▶ **Action item**: Go to the line below that has "This paper explores", print it and each line after it exactly, and stop after the line that has "今日新疆伊犁老鳳祥黃金價格:1325.0元/克。"; leave out pictures.

===== Listed records

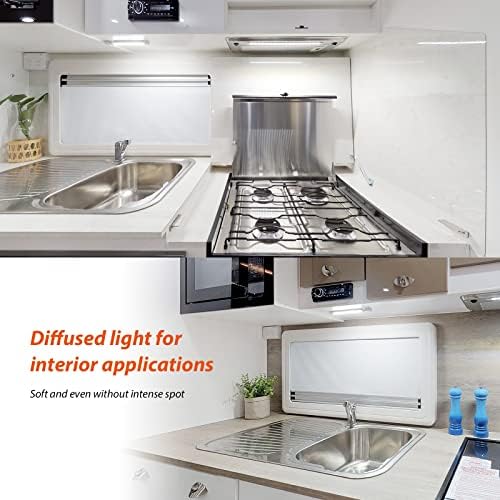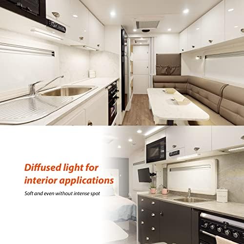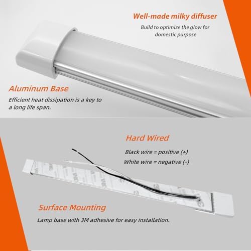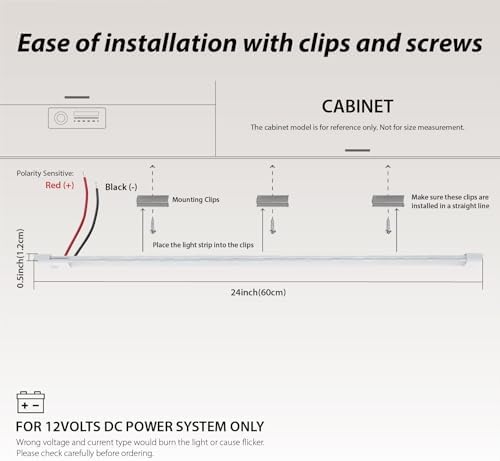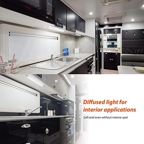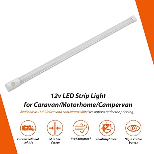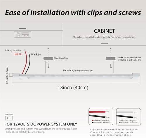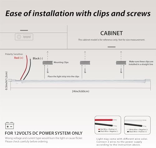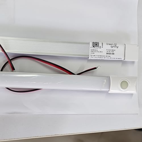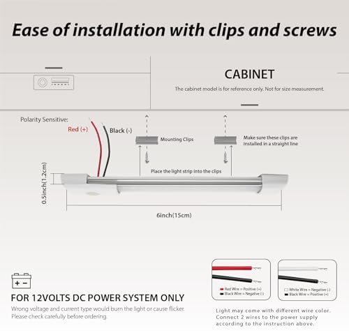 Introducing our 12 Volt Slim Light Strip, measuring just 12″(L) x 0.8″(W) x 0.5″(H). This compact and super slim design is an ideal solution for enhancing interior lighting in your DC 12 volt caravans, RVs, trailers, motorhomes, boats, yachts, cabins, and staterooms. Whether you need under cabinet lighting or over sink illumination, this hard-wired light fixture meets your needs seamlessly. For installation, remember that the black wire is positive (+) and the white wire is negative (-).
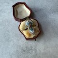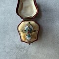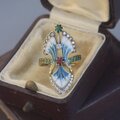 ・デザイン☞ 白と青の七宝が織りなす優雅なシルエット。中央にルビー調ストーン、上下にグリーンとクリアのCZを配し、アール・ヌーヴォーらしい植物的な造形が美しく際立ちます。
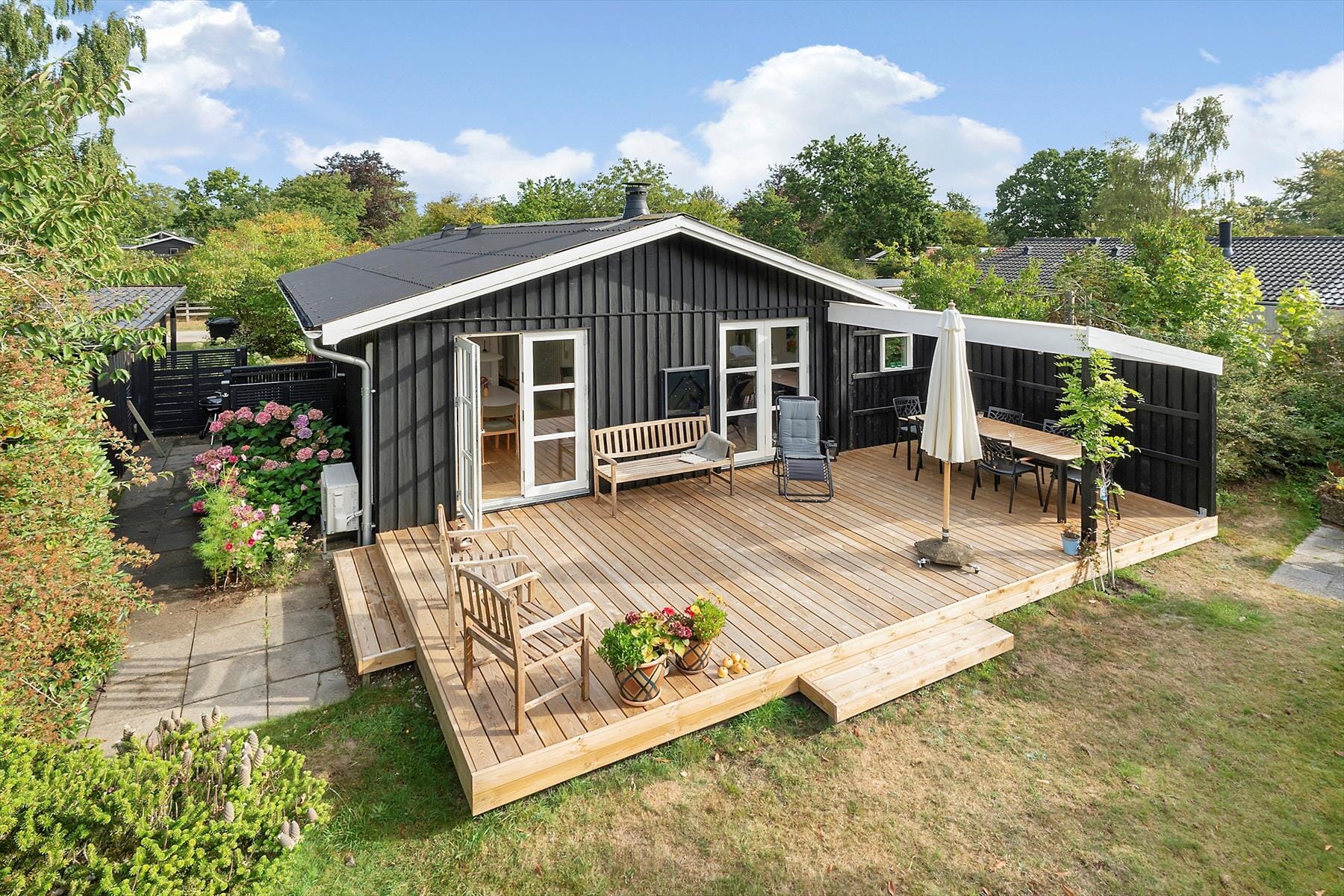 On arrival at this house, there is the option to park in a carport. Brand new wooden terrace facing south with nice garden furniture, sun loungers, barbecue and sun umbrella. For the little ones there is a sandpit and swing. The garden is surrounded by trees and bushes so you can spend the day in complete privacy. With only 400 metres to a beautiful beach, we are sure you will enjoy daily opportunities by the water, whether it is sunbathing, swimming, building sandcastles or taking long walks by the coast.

==========
===== Listed records

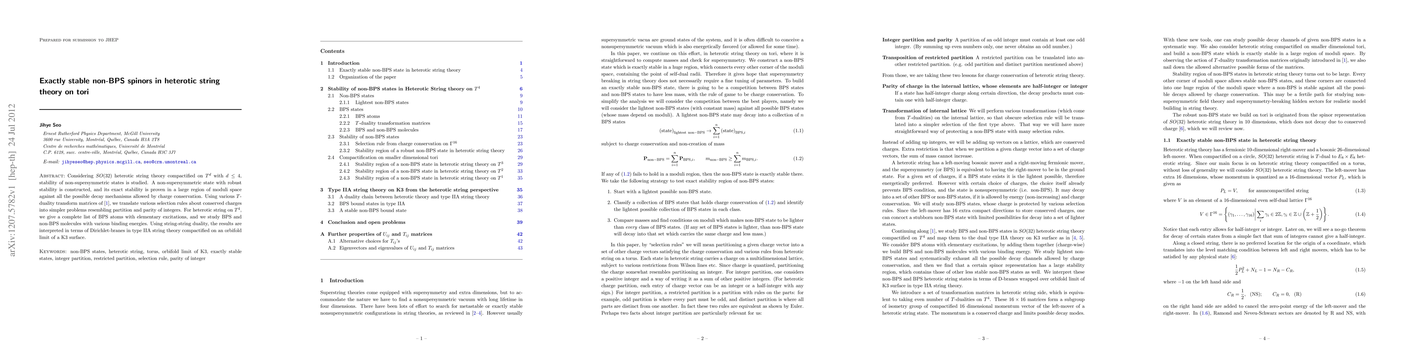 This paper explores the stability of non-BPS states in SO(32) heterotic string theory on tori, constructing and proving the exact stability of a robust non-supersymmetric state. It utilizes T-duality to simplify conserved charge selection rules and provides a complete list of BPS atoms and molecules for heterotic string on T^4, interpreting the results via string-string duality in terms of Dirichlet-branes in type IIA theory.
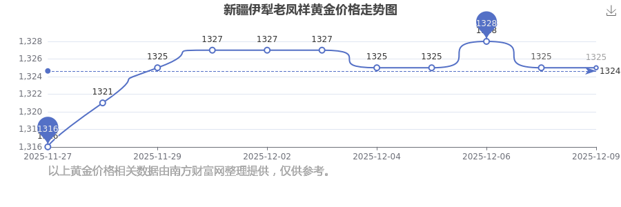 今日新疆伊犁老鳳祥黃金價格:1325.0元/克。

==========

▶ **Result of the exercise**:
 This paper explores the stability of non-BPS states in SO(32) heterotic string theory on tori, constructing and proving the exact stability of a robust non-supersymmetric state. It utilizes T-duality to simplify conserved charge selection rules and provides a complete list of BPS atoms and molecules for heterotic string on T^4, interpreting the results via string-string duality in terms of Dirichlet-branes in type IIA theory.
 今日新疆伊犁老鳳祥黃金價格:1325.0元/克。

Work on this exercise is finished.